No programmer worth his salt should read mail, browse the
web, and edit documents while logged in with
administrative rights.

Now programmer worth his salt should develop software
executable by non-admin users AND TEST IT ONLY AS AN
ADMINISTRATOR!

If MS Spyware only runs correctly as an administrator, it
should NOT run in be running in the tray of an ordinary
user. ...it should be running as a service to provide
the real-time protection, not as a task running in the
tray of an unpriviledge user!
 
Chuck Flink said:
Yet we still have this "only works for accounts with
administrator rights" crap!
Click to expand...

We know this. Microsoft know this.

But the product was not coded by Microsoft. Microsoft bought in a
pre-existing product, and turned it round as a beta release in only a few
weeks. The precursor product flouted many of the developer guidelines for
Windows, including some of the issues that make it impossible for the time
being to run MSAS as a limited user.

My guess is that you will see all these issues addressed in a second beta
release.
 
I've been complaining about this issue ever since they
first release MSAS beta 1. Eventually this will be fix by
the next refresh version or beta 2.
 
Thanks for your reply. It does clarify the situation. I
understand you feel the frustration too.

My angst was not aimed just at Microsoft, but at the
broader user and developer communities who continue to
ignore this most fundamental of security rules.

I'm glad you guys in Microsoft are sensitive about this.
That is a sign of real progress. But PLEASE educate your
customers and LEAN on your development partners to get
serious about this.

I'll download the beta of Vista and see if it comes up by
default with the user configured as a "limited user" (bad
choice of words... should be "protected user"). If as in
XP, the users all default to administrators, you will have
let me down again.

Much of the serious harm viruses, worms and Trojans have
done to your reputation (and customers!) could have been
avoided (or certainly limited in scope) if proper
discipline had been maintained re user/admin separation.

In fact, administrators should be prevented from executing
any program that is not required for admin functions.

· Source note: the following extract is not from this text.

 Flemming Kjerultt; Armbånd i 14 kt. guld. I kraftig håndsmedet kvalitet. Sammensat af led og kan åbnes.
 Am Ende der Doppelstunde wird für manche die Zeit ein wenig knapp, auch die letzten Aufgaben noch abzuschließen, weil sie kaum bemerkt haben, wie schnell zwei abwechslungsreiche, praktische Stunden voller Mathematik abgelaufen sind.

How many parents have had their computers trashed by their
kids downloading some game and installing it, AND PLAYING
IT! ...giving full control of the computer to some
teenage hacker in Russia, China or Timbuktu????

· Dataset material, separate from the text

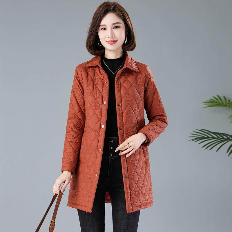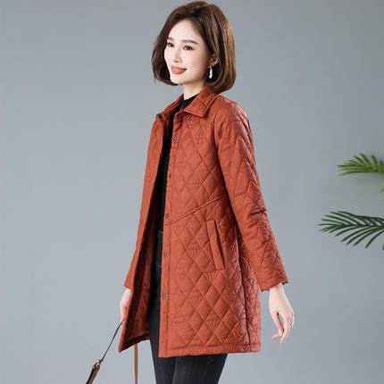 棉衣棉服女中长款2025秋冬新款中年妈妈洋气大码显瘦轻薄夹棉外套

In the "limited user" environment, only that user would be
screwed.... not the system, not the other users.

It is so obvious I hate wasting bits on this rant.

Sorry. ...for all of us.
-----Original Message-----
Chuck Flink said:
Yet we still have this "only works for accounts with
administrator rights" crap!
Click to expand...

We know this. Microsoft know this.

But the product was not coded by Microsoft. Microsoft bought in a
pre-existing product, and turned it round as a beta release in only a few
weeks. The precursor product flouted many of the developer guidelines for
Windows, including some of the issues that make it impossible for the time
being to run MSAS as a limited user.

My guess is that you will see all these issues addressed in a second beta
release.

--
Robin Walker [MVP Networking]
(e-mail address removed)


.
Click to expand...
 
Vista will have a number of improvements on exactly the lines you are
thinking of. They mean to do this better than Unix.

--

Chuck Flink said:
Thanks for your reply. It does clarify the situation. I
understand you feel the frustration too.

My angst was not aimed just at Microsoft, but at the
broader user and developer communities who continue to
ignore this most fundamental of security rules.

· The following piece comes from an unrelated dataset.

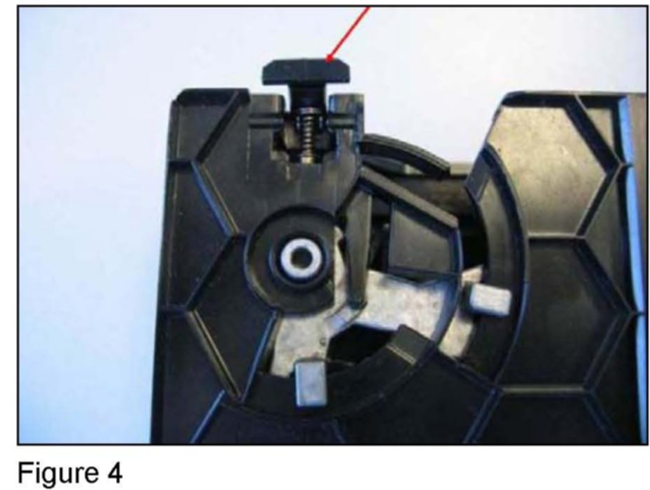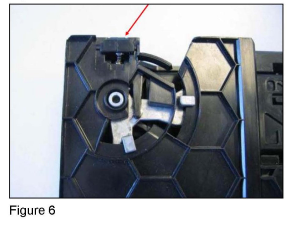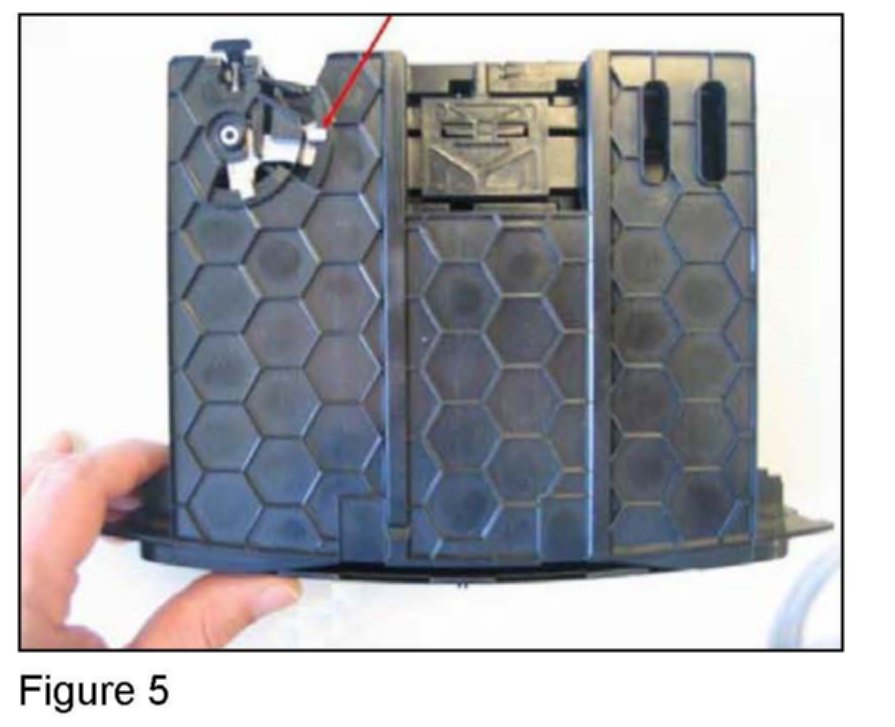 5. To reset crash lock, push in the storage compartment door and adjust crash lock tab to center point (Figure 5, Arrow).

I'm glad you guys in Microsoft are sensitive about this.
That is a sign of real progress. But PLEASE educate your
customers and LEAN on your development partners to get
serious about this.

I'll download the beta of Vista and see if it comes up by
default with the user configured as a "limited user" (bad
choice of words... should be "protected user"). If as in
XP, the users all default to administrators, you will have
let me down again.

Much of the serious harm viruses, worms and Trojans have
done to your reputation (and customers!) could have been
avoided (or certainly limited in scope) if proper
discipline had been maintained re user/admin separation.

In fact, administrators should be prevented from executing
any program that is not required for admin functions.

How many parents have had their computers trashed by their
kids downloading some game and installing it, AND PLAYING
IT! ...giving full control of the computer to some
teenage hacker in Russia, China or Timbuktu????

In the "limited user" environment, only that user would be
screwed.... not the system, not the other users.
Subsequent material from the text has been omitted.